#### [DATA RECORDS]
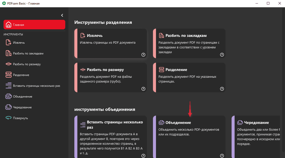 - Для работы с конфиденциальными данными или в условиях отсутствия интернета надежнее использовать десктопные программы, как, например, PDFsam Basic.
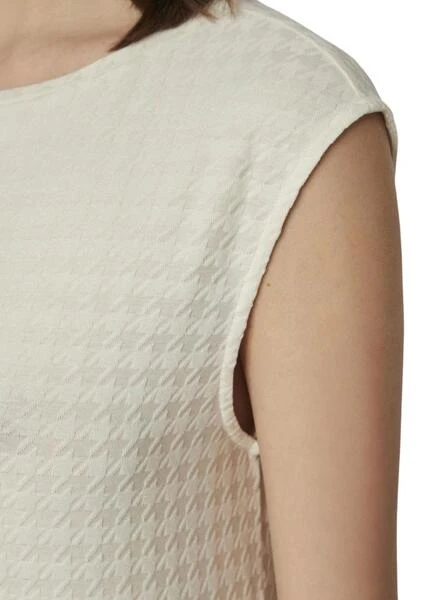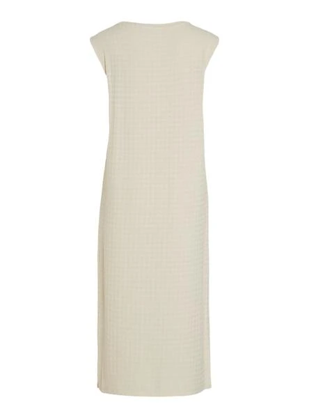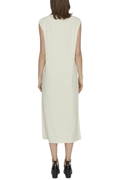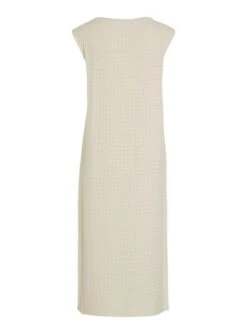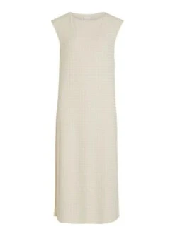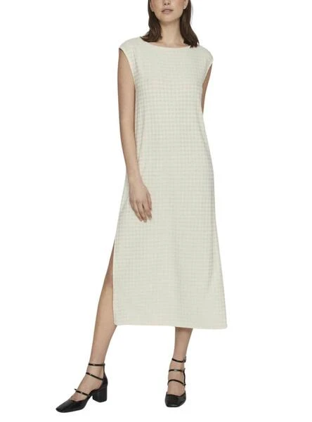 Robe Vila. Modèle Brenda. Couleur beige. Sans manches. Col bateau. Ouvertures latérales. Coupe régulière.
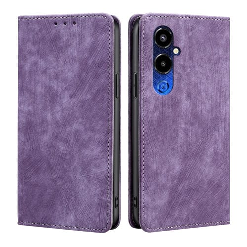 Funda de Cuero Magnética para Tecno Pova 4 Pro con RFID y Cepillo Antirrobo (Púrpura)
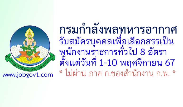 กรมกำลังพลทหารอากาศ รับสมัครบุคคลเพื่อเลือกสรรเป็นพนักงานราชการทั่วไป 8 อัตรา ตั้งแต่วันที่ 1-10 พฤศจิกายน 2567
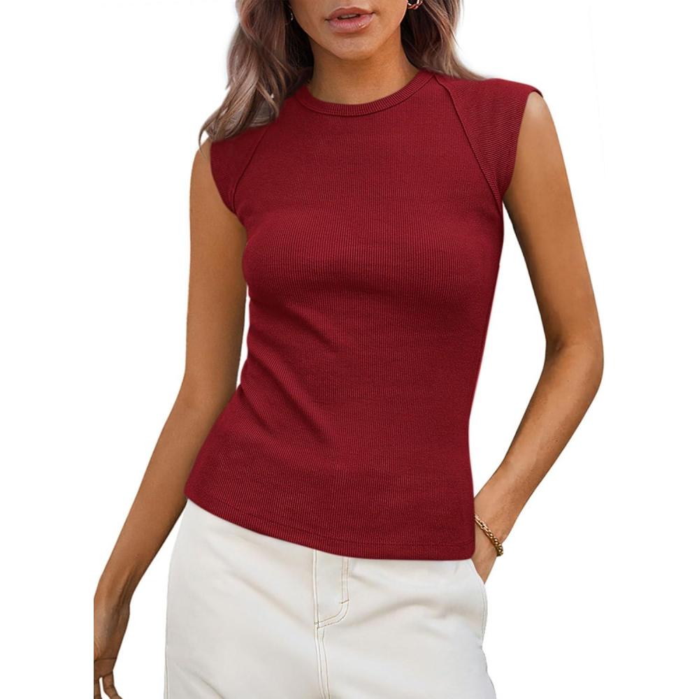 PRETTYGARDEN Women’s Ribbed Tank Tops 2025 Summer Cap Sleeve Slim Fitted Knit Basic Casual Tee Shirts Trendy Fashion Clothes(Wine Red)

#### [PROBLEM DESCRIPTION]
Set down the entire material verbatim, with each picture left out.

#### [THE COMPLETED TASK]
 - Для работы с конфиденциальными данными или в условиях отсутствия интернета надежнее использовать десктопные программы, как, например, PDFsam Basic.
 Robe Vila. Modèle Brenda. Couleur beige. Sans manches. Col bateau. Ouvertures latérales. Coupe régulière.
 Funda de Cuero Magnética para Tecno Pova 4 Pro con RFID y Cepillo Antirrobo (Púrpura)
 กรมกำลังพลทหารอากาศ รับสมัครบุคคลเพื่อเลือกสรรเป็นพนักงานราชการทั่วไป 8 อัตรา ตั้งแต่วันที่ 1-10 พฤศจิกายน 2567
 PRETTYGARDEN Women’s Ribbed Tank Tops 2025 Summer Cap Sleeve Slim Fitted Knit Basic Casual Tee Shirts Trendy Fashion Clothes(Wine Red)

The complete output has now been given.